Edy Legrand. L'austère Docteur Faust plongé dans la mélancolie. Procédé Jacomet
Edy Legrand. Faust. 1942. Illustration ornant la page de garde .

L'édition de ce Faust est luxueuse. Elle comprend deux tomes, Faust I et Faust II imprimés sur feuillets libres dans des chemises cartonnées. Un superbe papier marbré, décoré à la main, habille les chemises et l'étui renfermant les deux tomes. Les pages sont imprimées sur du vélin de chiffon, papier d'une grande qualité difficile à obtenir en ces temps de pénurie. Les illustrations commandées à Edy Legrand sont réalisées par le procédé Jacomet, ce qui se fait de mieux et de plus dispendieux en édition de multiples d'art.

Publier avec autant de luxe un immense poète allemand en 1942, serait-ce courber l'échine devant l'occupant ? Il n'en est rien. En analysant cette parution, le lecteur attentif y décèle avant tout un acte de résistance passive. Ce livre est tout un symbole : il a fallu autant de courage que d'habileté pour éditer cet ouvrage, même dans la relative sécurité de la zone non occupée.

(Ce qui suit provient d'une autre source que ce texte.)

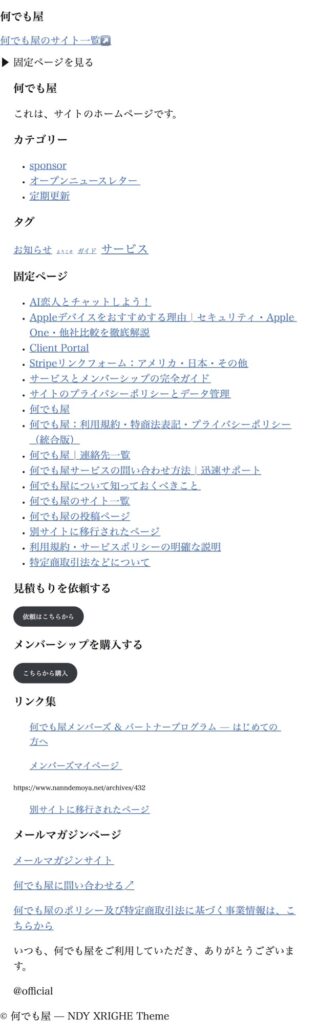 サイト一覧から、何でも屋が運営するすべてのサイトにアクセスできるようになっています。このページをブックマークにしておけば、すぐにアクセスできます。
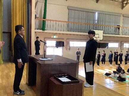 始業式終了後には、本校の取組であるMTT(美山中統一テスト)の表彰を行いました。学習における日々の積み重ねが、確かな成果として表れています。
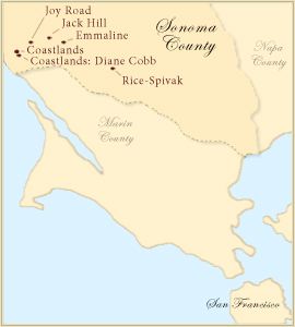 1,300-foot ridge top near Occidental. Planted in sandy loam to four different varieties of Pinot Noir.
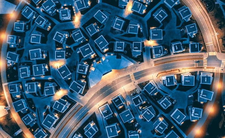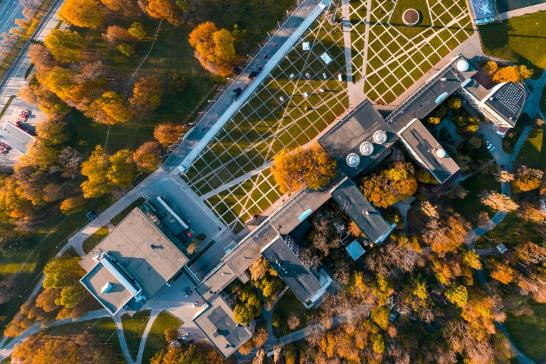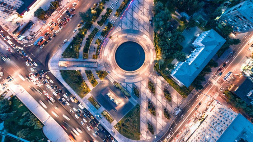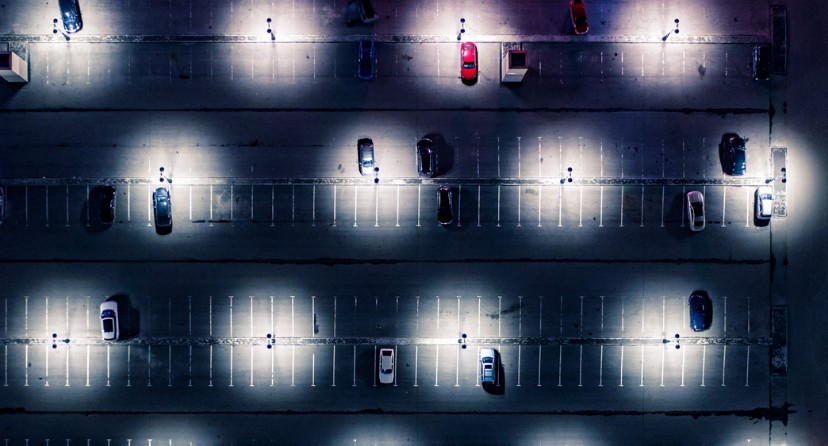 Một bãi đỗ ô tô nhìn từ trên cao.
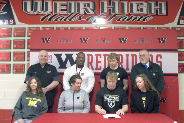 Weir High senior Daniel Howland signed to continue his academic and football careers at West Liberty University. Howland plans to major in business management while playing for the Hilltoppers. Joining Daniel, front, second from right, were, front, from left, Cecilia Howland, Danielle Howland ...
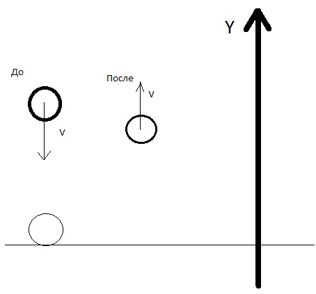 Из рисунка видно, что проекция V на ось Y До = -10 М/с После: = 10М/с => изменение импульса= m(Vдо-Vпосле)=-2mV=2Н*с
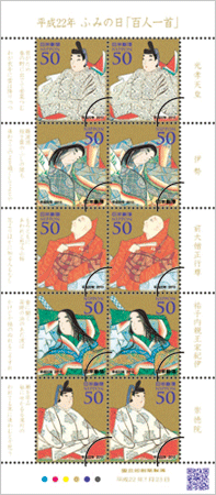 80円切手シートは、5つの歌をそれぞれ読み札と取り札に分けたデザインです。読み札には歌人が、取り札には歌をイメージした風物が描かれています。歌の文字は、現代の著名書家5名が新たに書いたものです。50円切手シートは、歌人(80円切手シートの読み札と同絵柄)を基にデザインしています。また、両シートともに、余白部分には現代仮名による歌と歌人の名前を記しています。
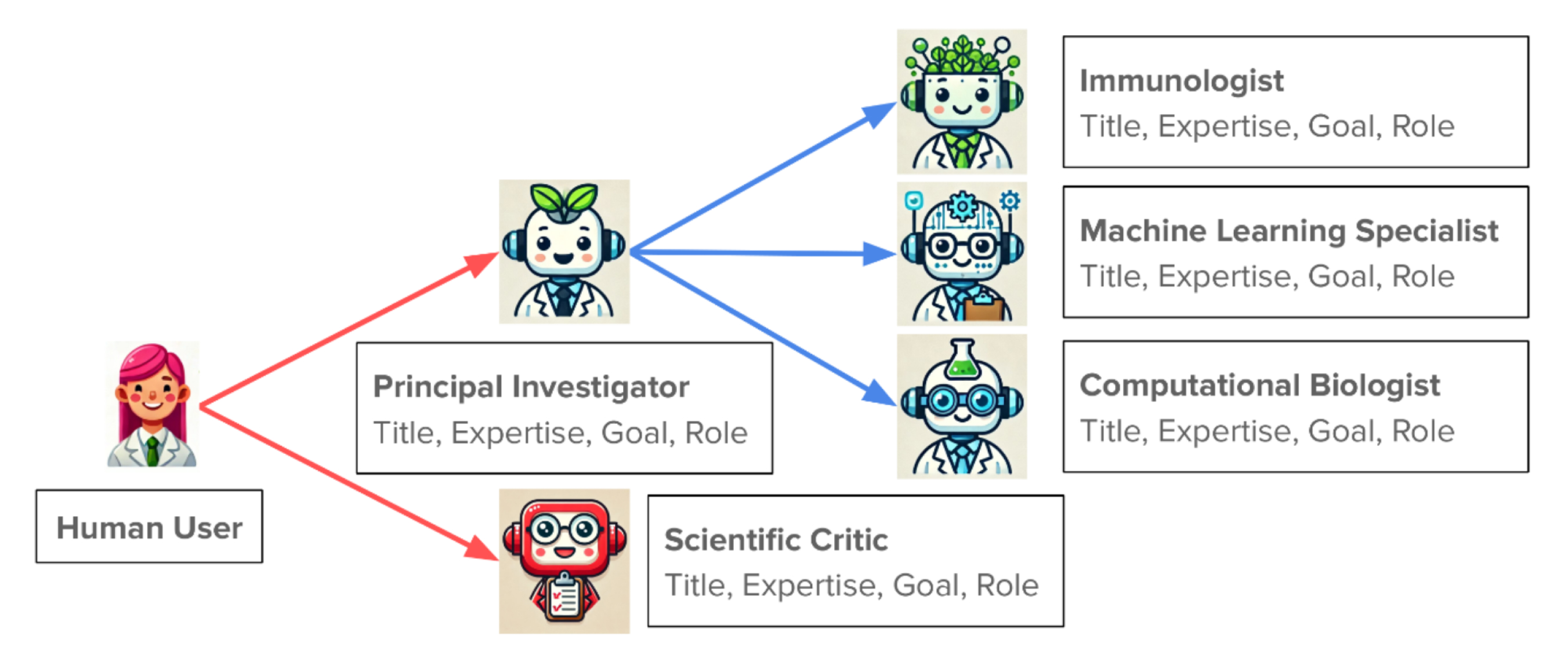 This prompt also directs the PI agent to select a team of three “expert” agents to help with the project. The PI agent should define these agents the same way it was defined (with a title, goal, area of expertise, and role in the project). For the COVID-19 demonstration, the PI opted to collaborate with an immunologist, a machine learning specialist, and a computational biologist.

Pourquoi décider de publier Faust en mars 42 ?

Une brève évocation préalable des thèmes de l'ouvrage est nécessaire pour comprendre ce choix.

Quel est le propos de Faust ?

Le Faust de Goethe est l'œuvre d'une vie, c'est un ouvrage gigantesque, à la fois poème et pièce de théâtre, où Goethe fait vivre toutes ses aspirations. Le poète ne termina son œuvre que peu de temps avant sa mort. Le texte décrit tous les combats du poète entre ses élans spirituels et ses désirs charnels, l'artificiel et le naturel, etc.

La première partie du poème, celle qui a été publiée par le poète lui-même et qu'on désigne par Faust I, est la plus connue. Faust, un vieux docteur qui a consacré sa vie à l'étude donne son âme au Diable pour recouvrer sa jeunesse et découvrir l'amour des femmes. En échange, Méphistophélès s'engage à le servir et à réaliser tous ses vœux. Faust tombe amoureux de Marguerite, belle et pieuse. Il la séduit puis l'abandonne. Marguerite, enceinte, tue son enfant et est condamnée à mort. Faust revient pour lui proposer de la sauver avec l'aide de Méphistophélès mais Marguerite le repousse, préférant mourir pour rester fidèle à sa Foi en Dieu.

La seconde partie, Faust II, qui ne fut publiée qu'après la mort de Goethe, décrit la suite de la vie de Faust. D'abord rongé par le remords, il cherche ensuite à se consoler. Il se charge à cette fin des distractions de la cour d'un souverain désœuvré. Grâce à la magie du Diable, il organise une bacchanale. À la demande du monarque, il descend aux enfers pour en ramener Hélène de Troie. Faust et Hélène tombent amoureux et s'enfuient ensemble. Tous deux ont un fils et bâtissent un royaume à la hauteur des ambitions de Faust. Mais à la mort de leur fils, Hélène retourne aux enfers et Faust reste seul. Pour fuir le désespoir, il continue à mener une vie d'action compulsive et utilise les pouvoirs du Diable et ses machines pour améliorer la condition de l'humanité. Mais ces actions artificielles ont des conséquences ambiguës car elles vont à l'encontre de la Nature. Arrive finalement le moment où la vieillesse le terrasse. Il meurt mais au dernier instant son âme est sauvée par l'intercession de Marguerite descendue du Paradis. Le Diable a tout perdu.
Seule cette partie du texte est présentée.